Mechanisms of Hyperuricemia Induced- Prerenal AKI

Though it can exacerbate diseases that lower renal perfusion, hyperuricemia does not directly induce prerenal AKI. Reduced blood supply to the kidneys without obvious structural damage causes prerenal AKI. The kidneys in prerenal AKI have normal structure, but because of a decrease in effective blood volume or pressure, they experience hypoperfusion. Because it causes inflammation, oxidative stress, and endothelial dysfunction, uric acid may exacerbate the clinical picture [41]. Hyperuricemia could have an indirect effect as follows:
Volume depletion: Prerenal AKI results from volume depletion, which is caused by dehydration, blood loss, or the use of diuretics and reduces blood flow to the kidneys. Dehydration is frequently brought on by nausea, vomiting, and poor oral intake, which are symptoms of conditions like TLS or flare-ups of gout. Dehydration lowered the volume of blood in circulation, which affected renal perfusion [25]. In summary, elevated tubular reabsorption, decreased uric acid clearance, formation of uric acid crystals, and ultimately decreasing renal perfusion are caused by decreased effective circulation volume.
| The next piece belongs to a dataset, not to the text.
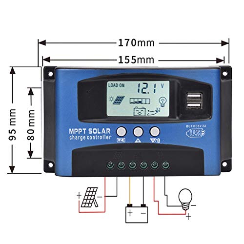 Regolatore di carica solare, regolatore di pannello solare MPPT 12V/24V 30-100A, rilevamento automatico della messa a fuoco, gestione della carica trifase, tubo antiriflusso MoS a due vie(100A)

Systematic inflammation: Chronic hyperuricemia can increase endothelial dysfunction and produce systemic inflammation, which lowers effective renal blood flow [42]. In summary, renal vasoconstriction, tubuloglomerular feedback dysfunction, endothelial dysfunction, and renin-angiotensin-aldosterone system activation are all caused by systematic inflammation.
Hypertension and vascular dysfunction: Persistently high blood sugar levels can cause microvascular damage and vascular stiffness, which may have an indirect impact on renal perfusion [43]. To put it succinctly, reduced renal blood flow and vascular dysfunction are caused by elevated blood pressure and renal perfusion pressure, which also activate the sympathetic nervous system, impair autoregulation, increase vascular resistance, and cause tubuloglomerular feedback dysfunction.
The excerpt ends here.